LLM Deep Dive 2: Positional Embedding

Revisit Positional Embedding

I was planning to jump straight into Rotary Positional Embedding (RoPE) — the mechanism powering MiniMind. But as I dug deeper, I realized I had glossed over the foundational sinusoidal encoding from the seminal Attention Is All You Need paper.

There are brilliant explainers out there, but most skip the why behind the math. So here’s my attempt to crystallize the key insights — not as a tutorial, but as an engineering deep-dive into the design decisions that make this encoding scheme so damn clever (and where it breaks down).

The Core Formula:

\begin{align*} PE(pos,2i)&=\sin(pos/10000^{2i/d_{model}})\\ PE(pos,2i+1)&=\cos(pos/10000^{2i/d_{model}}) \end{align*}

Here $pos$ is your absolute position in the sequence, $d_{model}$ is the embedding dimension (typically 512 or 768), and $i \in [0, d_{model}/2-1]$ indexes dimension pairs. Every pair of dimensions $(2i, 2i+1)$ encodes position using a unique frequency — from high-frequency local jitter to low-frequency global structure. Let’s unpack why this architecture works, and more importantly, why it eventually fails.

Q1: Does positional embedding destroy token semantics?

Short answer: Yes, by design. And that’s the whole point.

After tokenization and embedding lookup, you have a vocabulary-indexed tensor — essentially a static dictionary. Think of it as having every word from the Oxford English Dictionary memorized, but with zero understanding of grammar or word order. The problem is fundamental: self-attention is permutation-invariant. Without positional signals, "dog bites man" and "man bites dog" produce identical representations. The model has no concept of sequence.

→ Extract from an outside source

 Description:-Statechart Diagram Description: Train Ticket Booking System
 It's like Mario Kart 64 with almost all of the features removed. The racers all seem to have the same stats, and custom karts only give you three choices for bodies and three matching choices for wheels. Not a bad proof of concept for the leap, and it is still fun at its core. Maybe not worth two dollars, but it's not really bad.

The solution is deceptively simple: inject positional information directly into the embedding space via addition:

x_{pos} = \text{TE}(token) + PE(pos)

This is intentional signal corruption. You’re encoding two orthogonal pieces of information in the same vector: what the token is (semantic content) and where it appears (structural position). The genius lies in letting the attention mechanism disentangle these two signals through learned projections $W_Q, W_K, W_V$ . The model learns to filter and recombine content + position information based on task requirements.

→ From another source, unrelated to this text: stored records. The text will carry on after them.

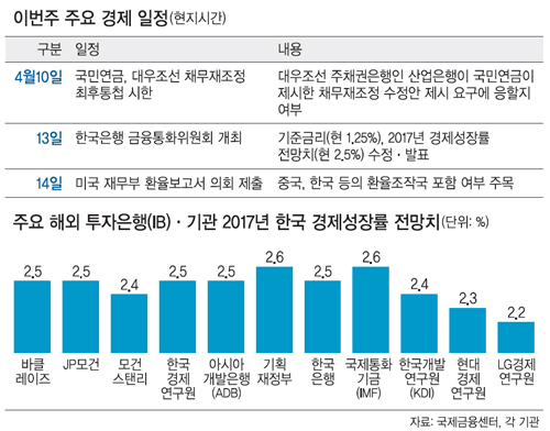 이에 따라 오는 13일 예정된 한국은행 금융통화위원회에서는 기준금리가 동결될 가능성이 더 커졌다. 한은은 2016년 6월 기준금리를 0.25%로 내린 뒤 현재까지 금리를 동결했다. 미국이 기준금리 인상에 나서면서 국내에서는 경기부양을 위해 금리를 인하해야 한다는 주장과 자본 유출을 우려해 금리 인상이 필요하다는 주장이 팽팽하게 맞섰다. 한은 금융통화위원을 지낸 강명헌 단국대 경제학과 교수는 “우리나라 수출지표가 좋아지고 있지만 내수는 더 지켜봐야 한다”며 “경기가 살아난다고 해서 금리를 올리면 경기 회복세에 찬물을 끼얹을 우려가 있다”며 금리동결 가능성을 점쳤다. 한은은 이날 올해 한국 경제성장률 전망치(현 2.5%)도 수정, 발표한다. 해외의 국내 경기회복 전망에도 우리 경제 앞에는 대우조선해양 사태와 미국의 보호무역주의 공세 등 악재가 산적해 있다.
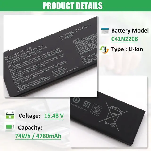 COMPATIBLE PART NUMBER: Battery C41N2208 ^^
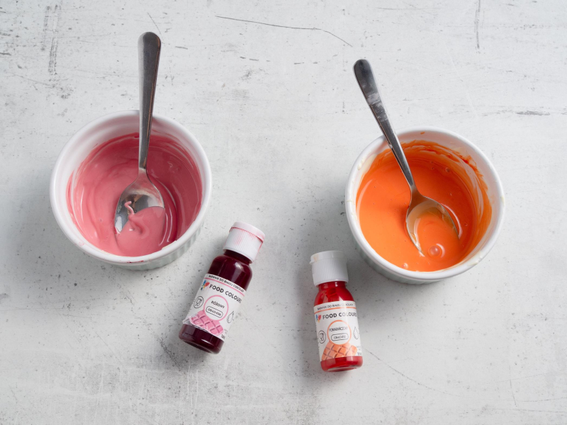 Podziel czekoladę na dwie porcje, do każdej dodaj barwniki do czekolady w wybranych kolorach. Ja korzystałam z barwników do czekolady i mas tłustych od Food Colours, w kolorze różowym i pomarańczowym.
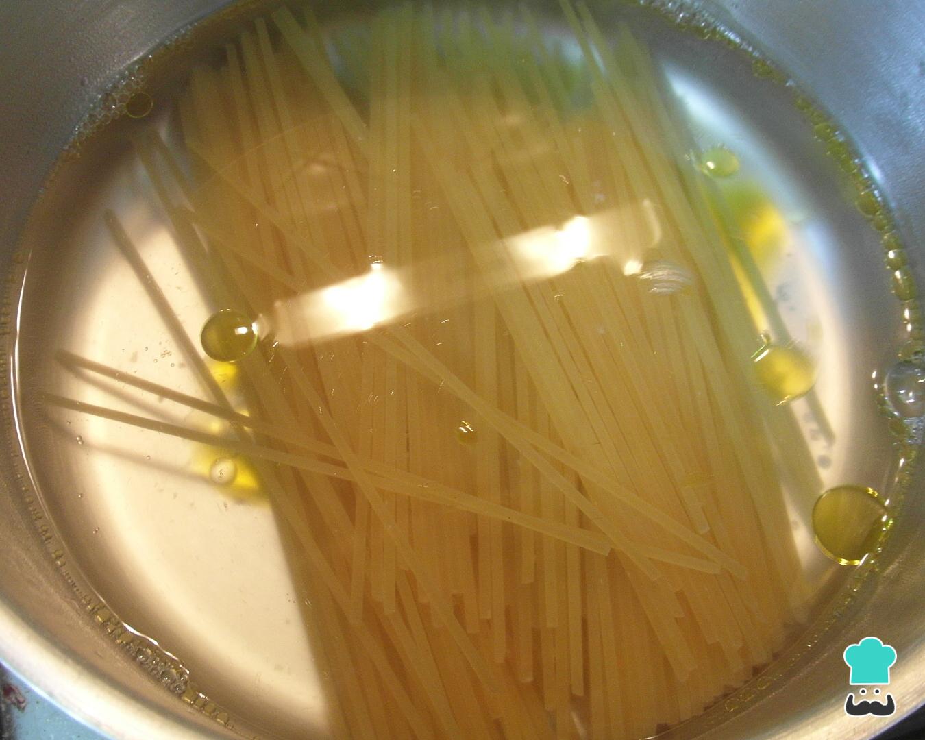 Para fazer esta macarronada fácil comece por cozinhar o macarrão em um tacho com água fervente, um pouco de sal e um fio de azeite de oliva.
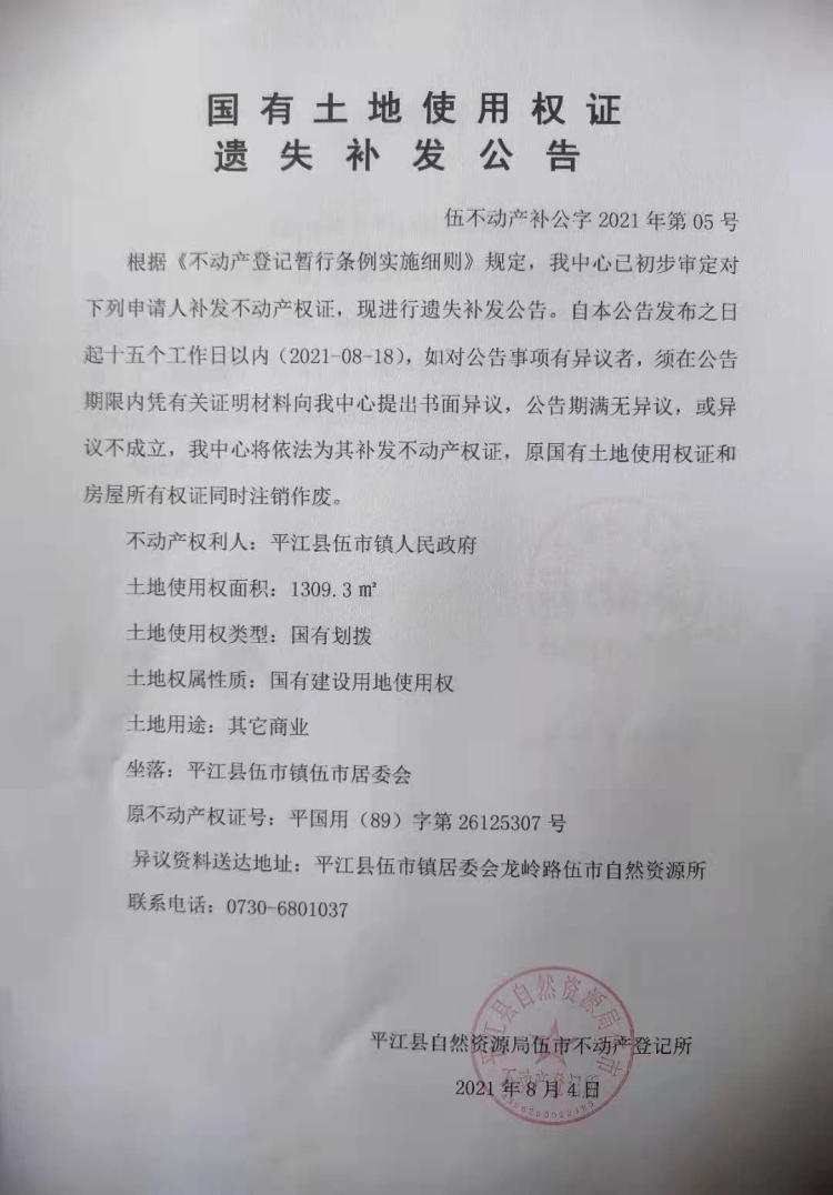 平江县伍市镇人民政府 国有土地使用权证遗失补发公告
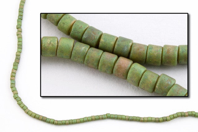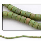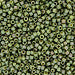 Size 11/0 matte metallic light yellow green cylinder seed bead.
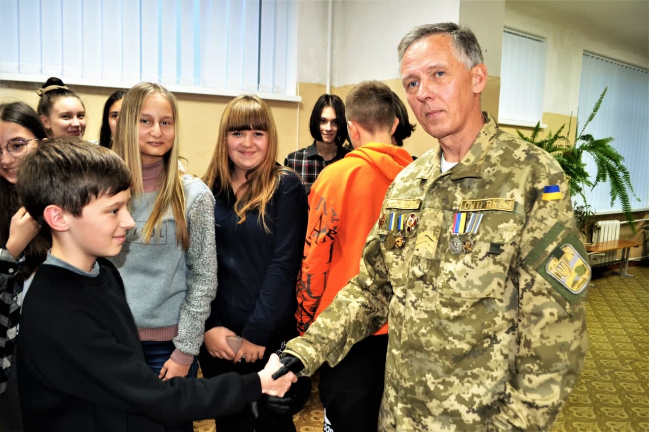 Зустріч із учасником АТО та колишнім учителем школи завершилася фотосесією на згадку про цікаве спілкування.

Why does this work? Training on massive corpora forces the model to learn that the word “bank” at position 0 (sentence start) likely means financial institution, while the same word at position 5 after “river” likely means riverbank. Positional context disambiguates meaning. This is why LLMs need astronomical training data — not just to learn vocabulary, but to learn positionally-conditioned usage patterns. The embedding space becomes a high-dimensional manifold where semantic similarity and positional proximity are both encoded and must be jointly learned.

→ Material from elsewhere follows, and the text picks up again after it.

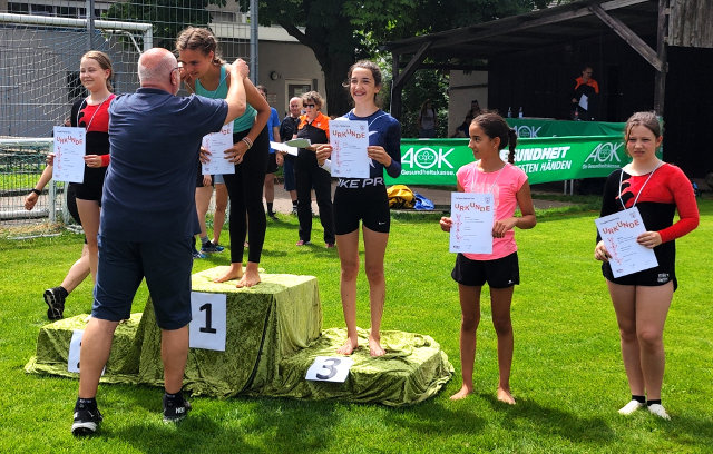 Bären-Cup Annika Hoffmann: bärig Hanna Holter: bärig Hannah Bäuerle: bärig Josephine Arnold: bärig Lenja Bechtel: bärig Leo Pfeil: bärig Liam Nikolaidis: bärig Maya Tannenberger: bärig Mia Schimandel: bärig Johanna Daub: bärenmäßig Lija Slamberger: bärenmäßig Paul Ertl: bärenmäßig Valentina Demaku: bärenmäßigWettkampf G1 - Gemischter Vierkampf weibliche Jugend E 4. Luisa Mayer, 38,65 P. 7. Ida Kühnle, 36,05 P. Wettkampf G2 - Gemischter Vierkampf weibliche Jugend D 3. Jaelyn Arnold, 42,05 P. 4. Lilli Victor, 41,95 P. 6. Emma Kühnle, 39,7 P. Wettkampf G3 - Gemischter Vierkampf weibliche Jugend C 1. Mona Kopf, 52,55 P. 3. Charlotte Cantarutti, 45,0 P. 4. Shania Knoll, 42,3 P. Wettkampf G4 - Gemischter Vierkampf männliche Jugend E 3. Louis Schwägler, 35,75 P. Wettkampf AWD1 - Allgemeiner Dreikampf weibliche Jugend E 8. Marlene Mayer, 33,5 P. 8. Sharron Wachter, 33,5 P. 12. Anila Salijaj, 33,0 P. 17. Mia Pikkemaat, 32,25 P. 18. Anna Victor, 32,2 P. Wettkampf AWD3 - Allgemeiner Dreikampf weibliche Jugend C 1. Milla Brügger, 40,2 P. Wettkampf AWD4 - Allgemeiner Dreikampf männliche Jugend E 5. Purity Ivbensi, 30,95 P. Wettkampf AWD5 - Allgemeiner Dreikampf männliche Jugend D 3. Lennard Reiber, 28,95 P. 4. Don Ivbensi, 28,85 P. 5. Melvyn Gaber, 28,75 P. 6. Damian Biernacki, 26,55 P.

Q2: Why sinusoidal functions? Why not just position indices?

The naive approach would be to just feed position numbers directly: 0, 1, 2, …, 511. Seems simple enough, right? Wrong. This breaks down in three critical ways.

First, there’s the scale ambiguity problem. For a model trained on sequences of length 512, how should it interpret position 1000? The embedding space has never seen values above 511. There are no extrapolation guarantees. The model would be flying blind.

Second, no inherent structure for relative positions. Position numbers are purely absolute. The model must independently learn that positions 5 and 6 are neighbors, while 5 and 500 are distant. There’s no built-in notion of “closeness” or “distance” — it’s just arbitrary integers.

Third, the arbitrary magnitude problem creates gradient flow issues. Position 500 has 100× the magnitude of position 5. This magnitude explosion destabilizes optimization and makes training a nightmare.

The sinusoidal solution is elegant because it addresses all three problems simultaneously. Let me walk you through the properties that make it work.

Bounded outputs everywhere. No matter how long the sequence, $PE(pos, i) \in [-1, 1]$ for all positions and dimensions. This normalization prevents magnitude explosion and keeps gradients stable during training. Your position encoding at token 10,000 has the same magnitude as position 10.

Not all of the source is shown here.